Abstract

Portable devices play an essential role where edge computing is necessary and mobility is required (e.g., robots in agriculture within remote-sensing applications). With the increasing applications of deep neural networks (DNNs) and accelerators for edge devices, several methods and applications have been proposed for simultaneous crop and weed detection. Although preliminary studies have investigated the performance of inference time for semantic segmentation of crops and weeds in edge devices, performance degradation has not been evaluated in detail when the required optimization is applied to the model for operation in such edge devices. This paper investigates the relationship between model tuning hyperparameters to improve inference time and its effect on segmentation performance. The study was conducted using semantic segmentation model DeeplabV3 with a MobileNet backbone. Different datasets (Cityscapes, PASCAL and ADE20K) were analyzed for a transfer learning strategy. The results show that, when using a model hyperparameter depth multiplier (DM) of 0.5 and the TensorRT framework, segmentation performance mean intersection over union (mIOU) decreased by 14.7% compared to that of a DM of 1.0 and no TensorRT. However, inference time accelerated dramatically by a factor of 14.8. At an image resolution of 1296×966, segmentation performance of 64% mIOU and inference of 5.9 frames per second (FPS) was achieved in Jetson Nano’s device.
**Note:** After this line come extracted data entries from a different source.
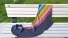 The Color Adventure Shawl Two is an asymmetrical triangle shawl that works best with a color-changing yarn that has long color changes like the sample yarn, Gauge Dye Works self-striping shawl yarn. Instead of working specific row amounts, whenever the color changes, you change stitch patterns.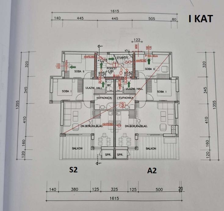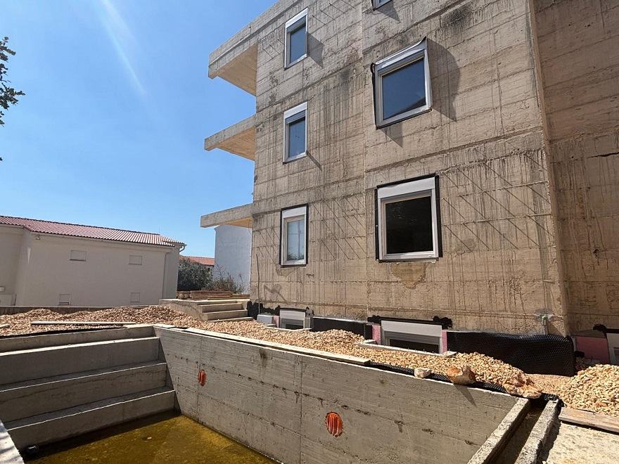 Prodaje se trosobni stan (S2) površine 66,52 m2 na I katu apartmanske zgrade u izgradnji u Novalji, blizu pješčane plaže Punta Mira.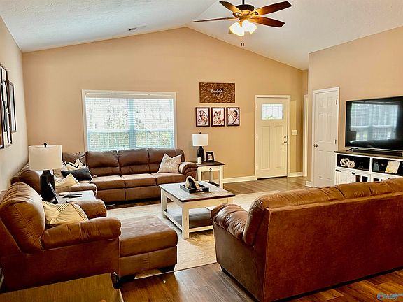 NEW LISTING/HOKES BLUFF built in 2016 this 3 bed 2 bath home has it all. The large covered front porch with iron railings welcome you to come into the large family room with vaulted ceilings, U shaped kitchen with plenty of cabinets and stainless appliances. There is a spacious dining room that leads to the back deck perfect for watching the kids, pets, or grilling. Recent updates include new lam flooring throughout, and paint in the bedroomsAll other rooms have 9' ceilings. The hall bath has recently been updated and the master bath is completely updated with huge, tile shower, double, tall height vanity, flooring, and lighting. The large master has his and her walk in closets and on suite.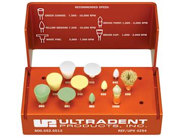 توضیحاتبسیاری از افراد به مطبهای دندانپزشکی جهت زیبایی دندانها اقدام میکنند. کامپوزیتها یا ونیرها یکی از مادههایی هستند که دندانپزشک به واسطه آن میتواند زیبایی خاصی را به دندانها هدیه کند و معمولا بعد از اینکه دندانپزشک، کامپوزیت، ونیر و یا آمالگام را بر روی دندانها قرار میدهد، از پولیش و پرداخت برای صاف کردن سطح دندانها و براق کردن آنها استفاده میکند.ابزارهای متفاوتی برای پولیش و پرداخت استفاده میشود که مهمترین انها شامل موارد زیر است:دیسک پرداختنوار پرداختبرس برساژعلت استفاده از پرداخت پس از کامپوزیتهایکی از کارهای مهمی که پس از استفاده از کامپوزیت بر روی دندانها استفاده میشود، پولیش سطح دندانها است، زیرا این عمل نه تنها به زیبایی بیشتر دندانها کمک میکند، بلکه از لحاظ درمانی نیز بسیار موثر خواهد بود. اگر سطح دندانها پولیش نشود، به راحتی پلاکهای دندانی میتوانند بر سطح دندان جمع شوند و مشکلاتی دیگر نیز به وجود میآید که شامل:تحریک لثهسوزش لثهپوسیدگی مجدد دندانسایش بیشتر دندانهامولت پرداخت کامپوزیت سبز سخت 1 عددی اولترادنتاین محصول ساخت کشور آمریکا است. با استفاده از این مولت که در 3 نوع مختلف طراحی شده است، میتوانید فینیشینگ و پالیشینگ کامپوزیتها و سرامیکهای دندانی را به راحتی انجام دهید. این مدل از مولت پرداخت با سختی بالا طراحی شده است و برای تراش کامپوزیتهای سخت مناسب است. این محصول از قابلیت اتوکلاو برخوردار است.طرز استفاده مولتهای پرداخت کامپوزیت اولترادنت1. در ابتدا از رابر سبز coarse استفاده میکنید و هر گونه ناصافی بزرگ را به طور کامل حذف میکنید.2. سپس با استفاده از رابر زرد رنگ medium نواحی ناصاف دیگر را صاف میکنید.3. در نهایت با یک رابر سفید رنگ نرم Fine سطح را فینیش میکنید.4. در پایان نیز از رابر آبی استفاده میکنید.مشخصاتانواع مولت پرداخت کامپوزیت اولترادنتکاپ شکل (کاسهایی شکل) , پوینت شکل (شعلهایی شکل) , دیسک شکل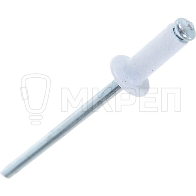 Материал: рубашка данной заклепки изготовлена из алюминия, которому присущи легкость и коррозийная стойкость. Вытяжная часть, в свою очередь — из стали, основными преимуществами которой можно считать твердость и прочность. Шляпка имеет белый цвет.

With an input image resolution of 513×513, and hyperparameters output stride OS = 32 and DM = 0.5, an inference time of 0.04 s was achieved resulting in 25 FPS. The results presented in this paper provide a deeper insight into how the performance of the semantic segmentation model of crops and weeds degrades when optimization is applied to adapt the model to run on edge devices. Lastly, an application is described for the semantic segmentation of weeds embedded in the edge device (Jetson Nano) and integrated with the robotic orchard. The results show good spraying accuracy and feasibility of the method.